Black drum are not really a panfish and they can get huge. Giants up into the 100-pound range roam deep areas of structure in our coastal rivers. Most of them caught by casual anglers, however, are smaller fish of a few pounds that can put a real bend in a spot rod.
Black drum this size look something like sheepshead, with which they are often confused because of the black vertical bands on their white bodies. The marks fade as the fish ages. Black drum big enough to have lost their stripes are not good to eat and tend to have parasites (which look like white worms) in their flesh.
Fish more than about 5 pounds are best released, and the same goes for very small black drum sometimes caught on piers. Black drum of a few pounds yield fillets of delicious white meat that are great breaded and fried and fit perfectly into many soup, stew and casserole recipes.

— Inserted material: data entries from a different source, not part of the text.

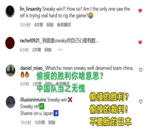 可以看到網(wǎng)友們的回復(fù)直接:“這是偷來的勝利嗎?我只看到了這是一個(gè)真正的勝利。”后面網(wǎng)友評論:“中國隊(duì)贏的問心無愧。”、“偷來的勝利?不,偷來的裁判!”、“日本隊(duì)不要臉面,到底誰才是小偷,你自己心里清楚。”、“看過這場比賽都知道,中國隊(duì)從日本和裁判手里搶走了勝利,這才符合實(shí)際情況。”、“你們安排了三個(gè)裁判,8打5都打不過,所以才氣急敗壞了嗎?”
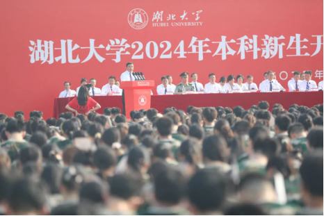 在华中科技大学2024级本科生开学典礼上,来自五湖四海的7189名本科新生齐聚喻家山下,共同唱响《歌唱祖国》。现场,目之所及皆是一片中国红。校长尤政在讲话中提到来自华科大的三名奥运冠军的故事。
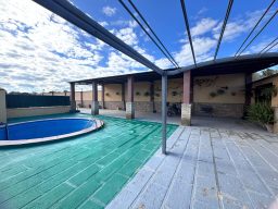 En su parte trasera pequeña piscina donde poder disfrutar de ella en los meses de calor.

Unlike the more free-roaming spot or trout, black drum are exclusively a fish of structure, and won’t be found on sandy stretches unless there is something to hold them there. They eat shellfish and don’t stray far from this food supply. Black drum are fish of bridges, pier pilings, docks and oyster beds and use the barbells on their chin to find food. They are hooked almost exclusively by bottom-fishing with a few ounces of weight on the bottom.
Many anglers catch the occasional black drum because they love to hit cut shrimp. They tend to ignore some other popular baits, including worms, cut fish or live minnows, though a hungry black drum will occasionally bite anything.

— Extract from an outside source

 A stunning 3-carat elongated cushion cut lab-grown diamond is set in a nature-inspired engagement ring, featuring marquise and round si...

Experienced anglers targeting these fish will vary their baits by the season. This time of the year pinfish tend to take the cut shrimp off your hook quickly in inshore waters, so some folks catch black drum by using sand fleas or fiddler crabs. You can also use the shellfish-flavored synthetic strips like those made by Fishbites. The slow-moving black drum are rarely caught on lures.

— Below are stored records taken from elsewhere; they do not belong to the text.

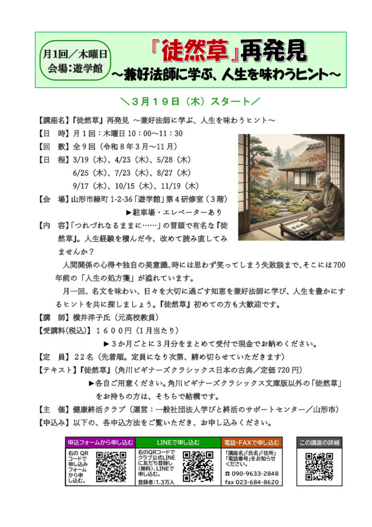 | 講座名 | 『徒然草』再発見 〜兼好法師に学ぶ、人生を味わうヒント〜 |
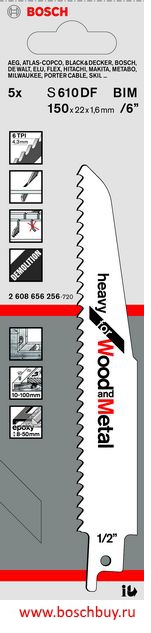 2608656256 Комплект 5 пилок Heavy for Wood and Metal S 610 DF BIM для ножовки по дереву и металлу
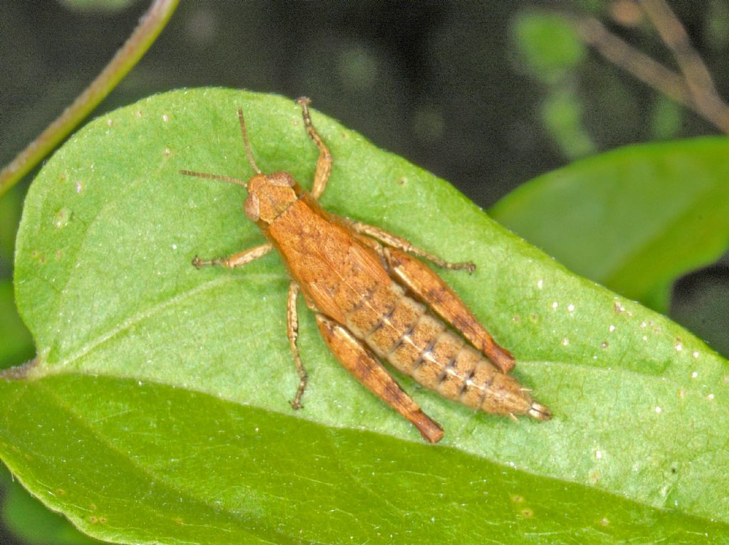 Si tratta di una femmina adulta di Pezotettix giornae in una bella forma di colore aranciata.
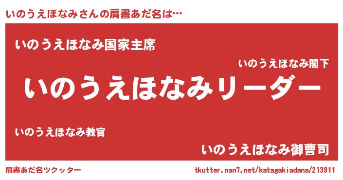 | 意味不明あだ名 | 『とにかく怪しいいのうえほなみ』 |

Although they are a powerful, chunky fish black drum often bite very softly. This is because their crushing teeth are actually in their throats, and they will take your bait into their mouths tuning it over before grinding it up. This produces a slight vibration on your line that is something like someone plucking a guitar string. At other times a black drum will nail your bait and you won’t have to worry about setting the hook.
Black drum are comparable to freshwater catfish when it comes to nocturnal activity. They usually feed better after dark, because they operate more by smell and touch than sight. Some folks fishing for black drum wait until sunset to start, taking advantage of the cooler weather, less-crowded conditions and decreased presence of the bait-stealing pinfish.
If you are looking for something to do while waiting for your favorite fall fish to go on a run, then checking out a bridge or pier at night and fishing around a piling for black drum is a great way to spend your time. They are a lot of fun and you may come away with something to eat while you are waiting on the more glamorous species to arrive.
Lowcountry Black Drum Casserole
6 black drum fillets (from fish around 2 pounds)
3 medium potatoes, cut into chunks
2 small yellow onions, chopped
1 cup bread crumbs
2 tablespoons butter
paprika and black pepper
Put potatoes, onions and butter in a covered casserole dish and bake at 350 degrees for 20 minutes. Remove from heat and place fish on top of potatoes and onions. Sprinkle lemon juice, paprika and pepper on fish. Cover casserole with bread crumbs. Return to heat and continue baking for 10 minutes or until fish is done (when it flakes easily with a fork). Serves four.